Although observers can request the use of shadow or low-sky target visibility restrictions, the examples below are all for the standard (i.e., unrestricted) target visibility (see the HST Primer, Section 6.3, for further discussion).

10.4.1 Example 1: UVIS, 1 Orbit, 1 Filter

Consider a target to be imaged with UVIS in a given filter in one orbit. Let us suppose that, by using the Exposure Time Calculator (ETC) (see Chapter 9), we find that we need a total exposure time of 2280 s to reach the desired signal-to-noise ratio (SNR). Given that we desire the observation to be divided into two exposures for cosmic-ray removal (with a small dither step between them), we map the overheads and the science exposure times onto the orbit as follows. The time needed to dump the buffer following the second sub-exposure incurs no overhead in this example, because it can be performed during target occultation.

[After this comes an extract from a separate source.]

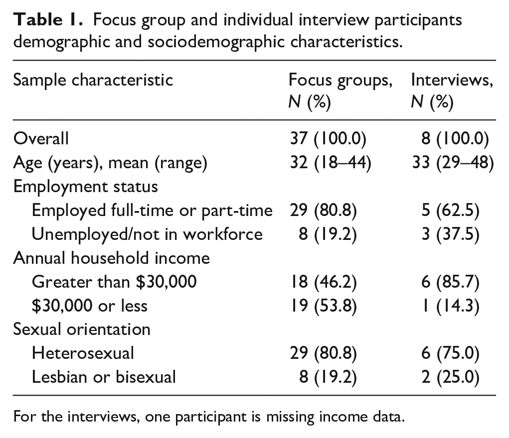 All interviews and focus groups were conducted by Black cisgender women public health researchers trained in qualitative research methods. After each session, the research team debriefed and wrote analytical memos. Interviews and FGDs were audio-recorded and transcribed verbatim by a HIPAA-compliant transcription company. All study procedures were approved by Institutional Review Boards at Brown University and Johns Hopkins Bloomberg School of Public Health.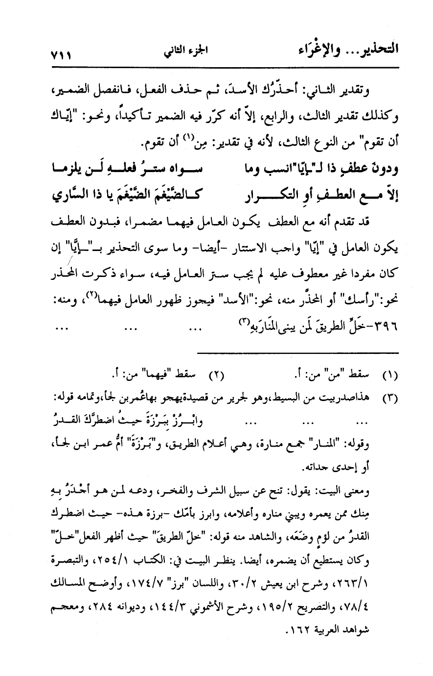 وتقدير الثاني: أحذرك الأسد، ثم حذف الفعل، فانفصل الضمير، وكذلك تقدير الثالث، والرابع، إلا أنه كرر فيه الضمير تأكيداً، ونحو: "إياك أن تقوم" من النوع الثالث، لأنه في تقدير: من أن تقوم.

Table 10.4: Orbit Calculation for Example 1

Action

Time (minutes)

Explanation

Guide-star acquisition

6.5

Needed at start of observation of new target

UVIS overhead for first exposure

2.6

Includes filter selection, camera set-up, and readout

First science exposure

19.0
Small dither maneuver (< 1.25")           0.3

UVIS overhead for second exposure

2.1

Includes readout

Second science exposure

19.0

Total exposure time is 38 min

Total time used

49.5



Thus, with a total time of nearly 50 minutes, this set of observations would fit into unrestricted HST orbits. Note, however, that the orbit visibility window for a given target depends on several factors (e.g. date and target location in the sky; Chapter 6 of the HST Primer). Based on the available time, the exposure times can be adjusted to fit the orbit.

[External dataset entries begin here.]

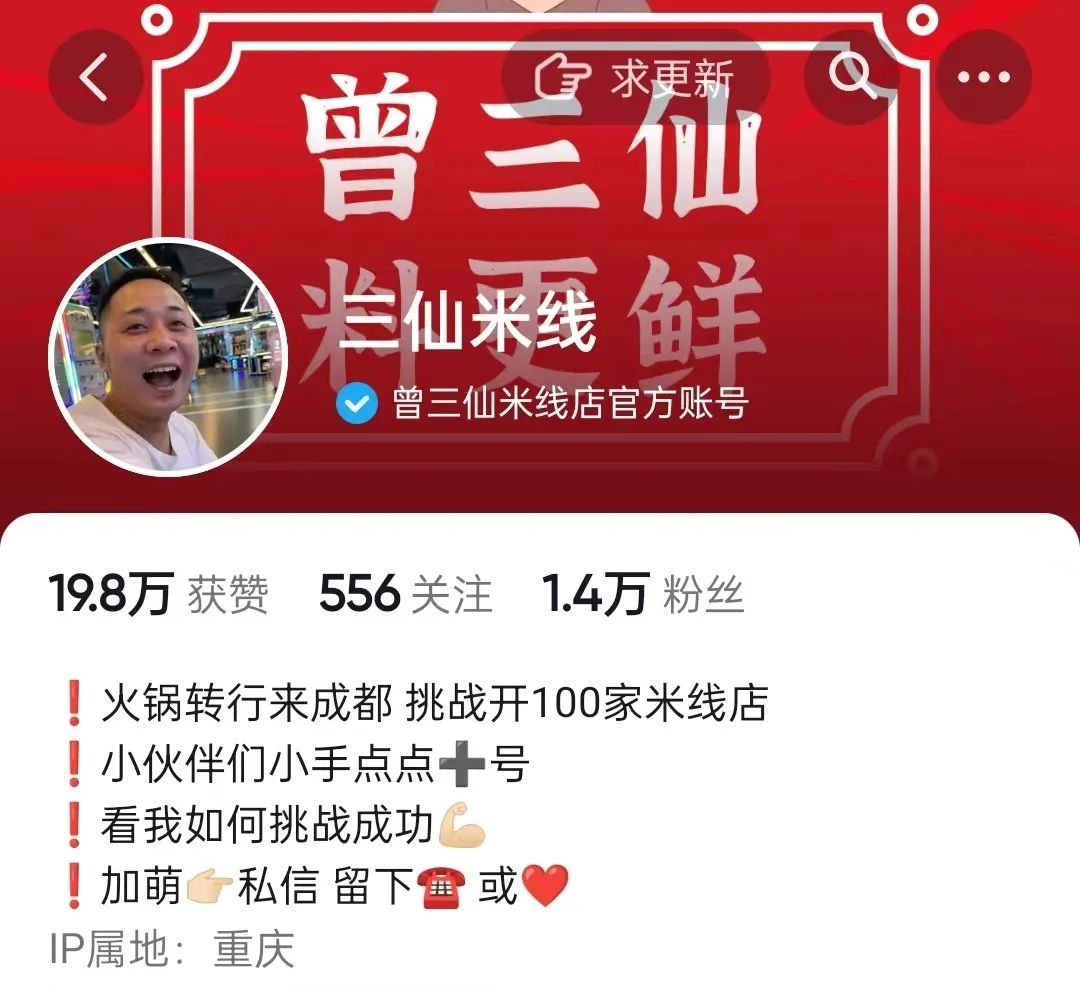 在抖音账号“三仙米线”中我们找到了一些答案,这里以创始人的视角记录了曾三仙从0到1,从选址筹建到开店经营的每一步,视频的主角便是“曾三仙米线”的创始人——赵永强,一个土生土长的重庆人,“火锅跨行来成都,挑战开100家米线店”是他的经典开场白,从中我们窥探出部分关于他个人的创业经历。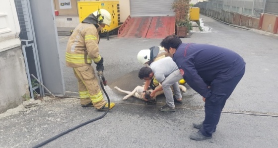 Kaza nedeniyle olay yerine gelen itfaiye ekipleri ve fabrika personeli, zehirlenen köpeği kurtarmak için adeta seferber oldu. Yerde çırpınan köpeği su dökerek ayıltmaya çalışan bir fabrika çalışanının çabaları kameralara yansıdı. Köpeğin ağzını açmaya çalışan fabrika çalışanı, nefes almasını sağladı. Bu sırada itfaiye ekipleri de su dökerek köpeği kurtarma çabalarına yardım etti. Çabaların sonunda bir nebze ayılan köpek, fabrikanın başka bir bölgesine götürüldü.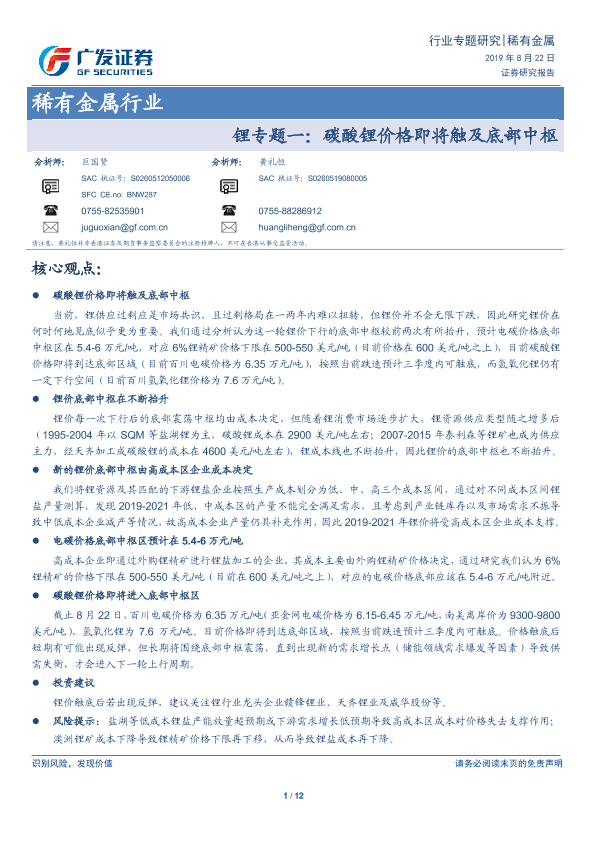 【广发证券】【20190822】稀有金属行业:锂专题一:碳酸锂价格即将触及底部中枢-12页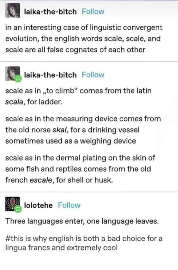 I’m wondering if scale, as in the crud that can build up on certain materials under certain conditions, is simply derived from the fish scale sense. It would seem like it, since it’s the ‘shell or husk’ Otherwise, yay, a fourth meaning!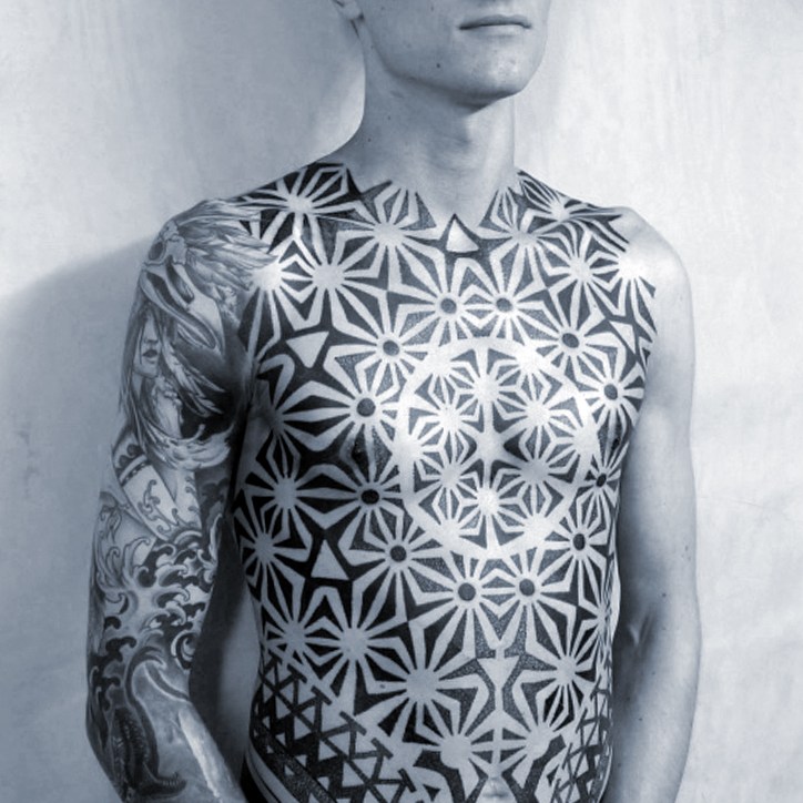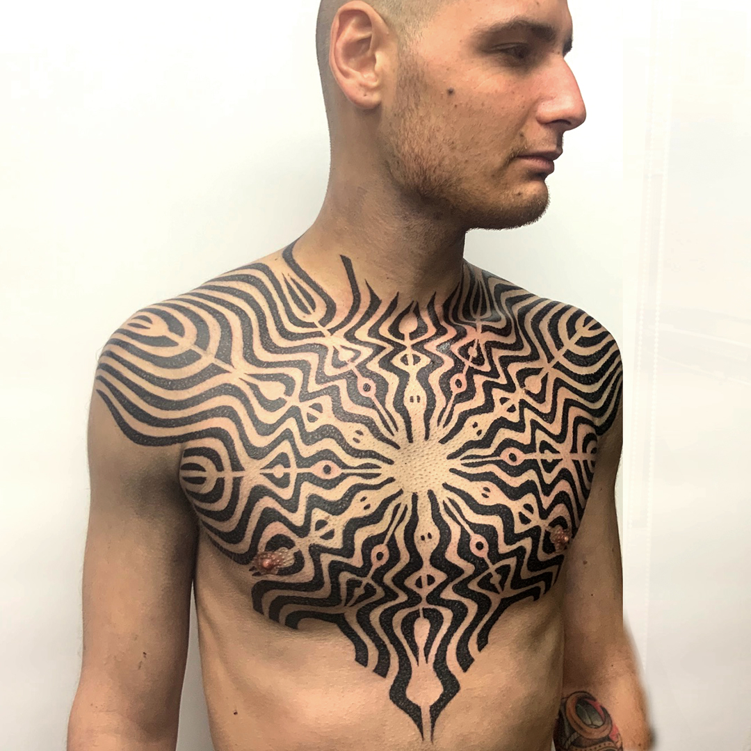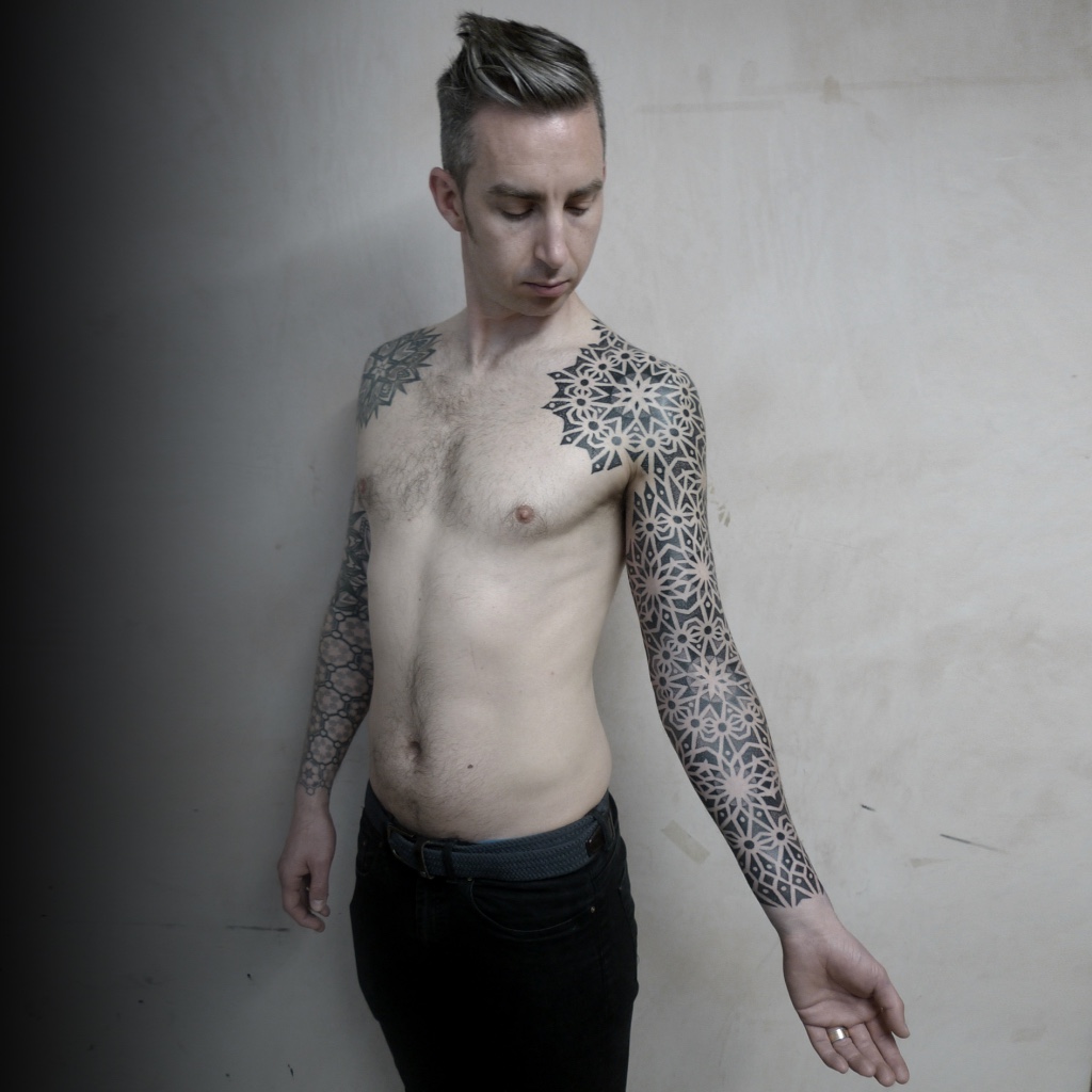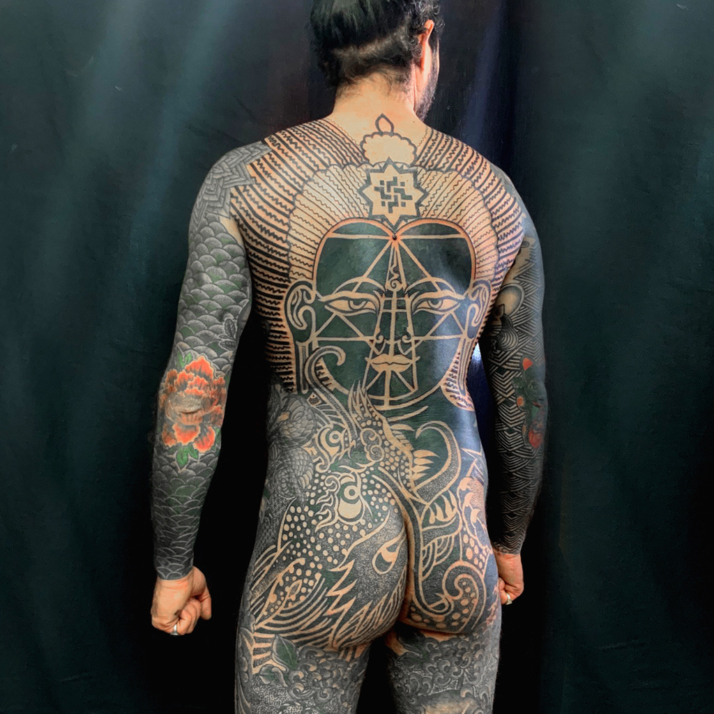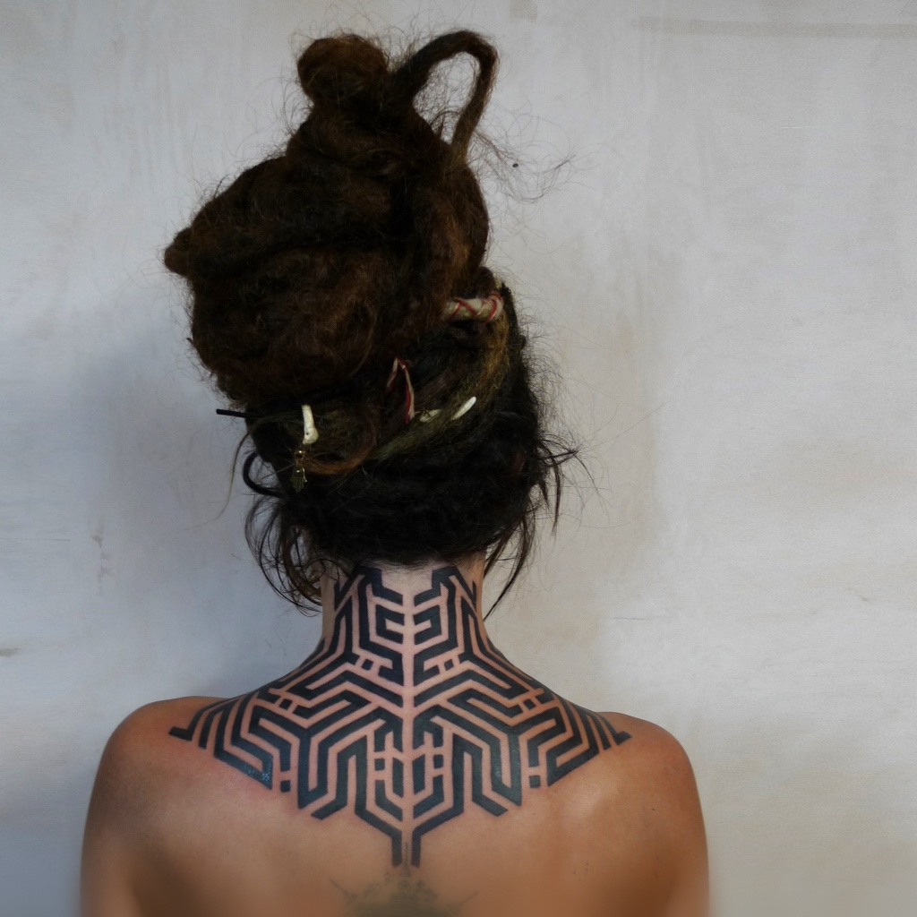 Tomas Tomas 108 started tattooing in the mid-nineties in Manchester UK. After a traditional apprenticeship, he moved to London in 1999 to work at Bug’s “Evil From the Needle” for a few years. He then joined Alex Binnie’s team at the “IN2U tattoo” shop. He worked there for over 15 years. While studying traditional tribal tattoos, he developed a more modern style involving dotwok and complex geometric designs. He is today considered a pioneer in this style which is now very popular worldwide. Now in Kumagaya Japan at BLACK MOON TATTOO, he enjoys doing large scale work, but also smaller “one point” tattoos .

Note that this simple sequence of two fairly long exposures would, with an appropriately-oriented dither step, just cover the 1.2" gap between the two CCD chips (see Section 6.3).

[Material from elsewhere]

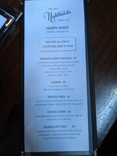 Incredible. Scrumptious. Fresh and comforting. Everything is from scratch! The owners are always there and make sure you are well taken care of. The portions are huge the cobb salad is a paleo monster! Great for kids and families too kids menu even comes with carrots and dip. Friendly atmosphere and great beer selection. The options are well thought out and you can taste each ingredient. Breakfast is fantastic and the pulled pork used in various entrees is some of the best ive ever had and been to Houston, Dallas, Memphis, Atlanta, etc and had bbq at each Nighthawks bbq is some of the best.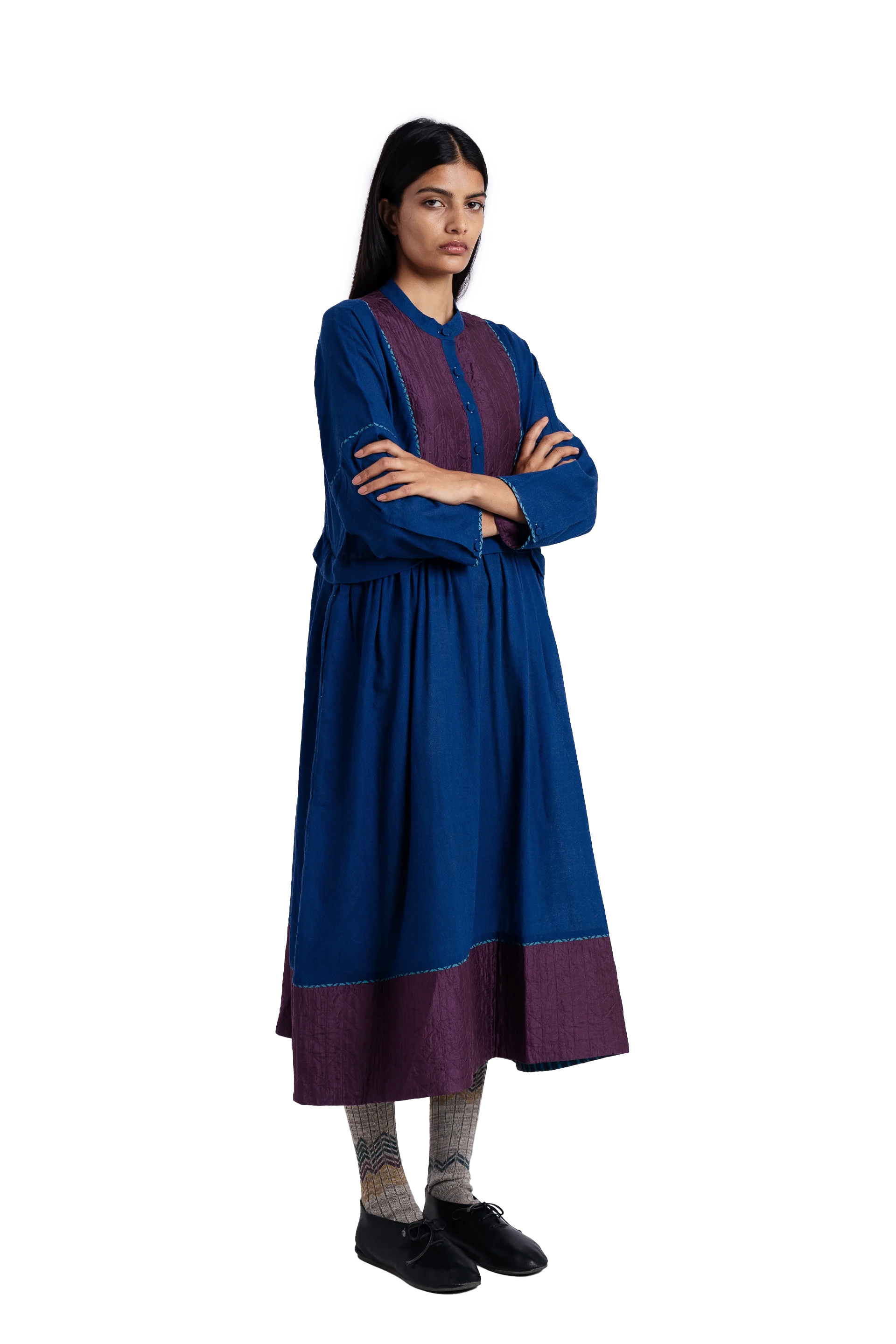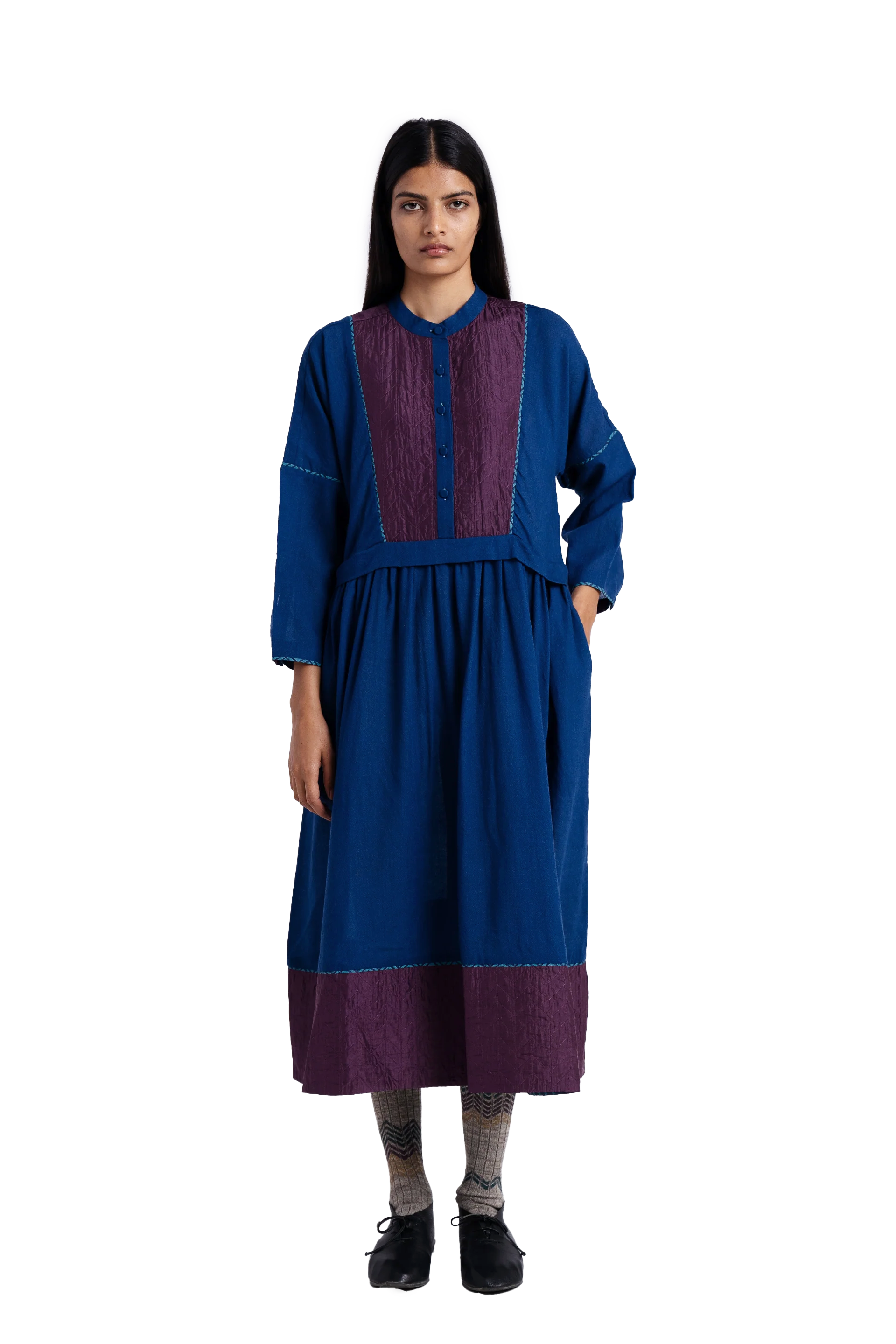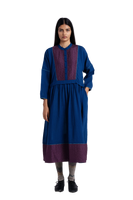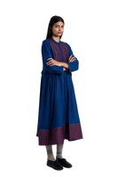 Round neckline front open buttondown full sleeves midi dress with gathers on waist and quilted silk patch at hem and yoke.Constructed in solid 100% merino wool. Finished with contrast handblock print piping detail and collage handblock print 100% silk fabric facing detail.

10.4.2 Example 2: UVIS, 1 Orbit, Short Exposures

This example illustrates the impact of short exposures on the amount of on-sky time in the orbit. Suppose we intend to use one orbit to observe a target with UVIS and the broad filter F350LP. The specification consists of one exposure line in APT, placed into a WFC3-UVIS-DITHER-BOX pattern to yield a total of four individual dithered full-frame sub-exposures for optimally sampling the PSF.  A 50 min orbit visibility can fit four 320 sec exposures  plus the overheads and the serial dump time of ~11.5 minutes needed after the first two exposures.

Table 10.5: Orbit Calculation for Example 2

Action

Time (minutes)

Explanation

Guide-star acquisition

6.5

Needed at start of observation of new target

UVIS overheads

× 2.3 = 4.6

for first image pair, includes filter selection, instrument set up, small pointing maneuvers, readouts

bufferdump

11.6 min

Full buffer must be dumped in target visibility in order to obtain the last two exposures, which are too short to accommodate dump (320 sec < 348 sec)

UVIS overheads

× 2.3 = 4.6

for second image pair

Buffer dump after 2nd sub-exposure

× 5.8 = 11.6

Full buffer must be dumped in target visibility in order to obtain the last two exposures, which are too short to accommodate dump (270 sec < 348 sec).

Science exposures

× ~ 5.3 = 21.3


Total time used

48.5



Compared with Example 1, we see that the observing efficiency is low due to the large overheads associated with serial buffer dumps. Only 21.3 minutes of exposure time is obtained for the 48.5 minutes of total time used, whereas in Example 1 we obtained 38 minutes of exposure time during 49.5 minutes of total time used. 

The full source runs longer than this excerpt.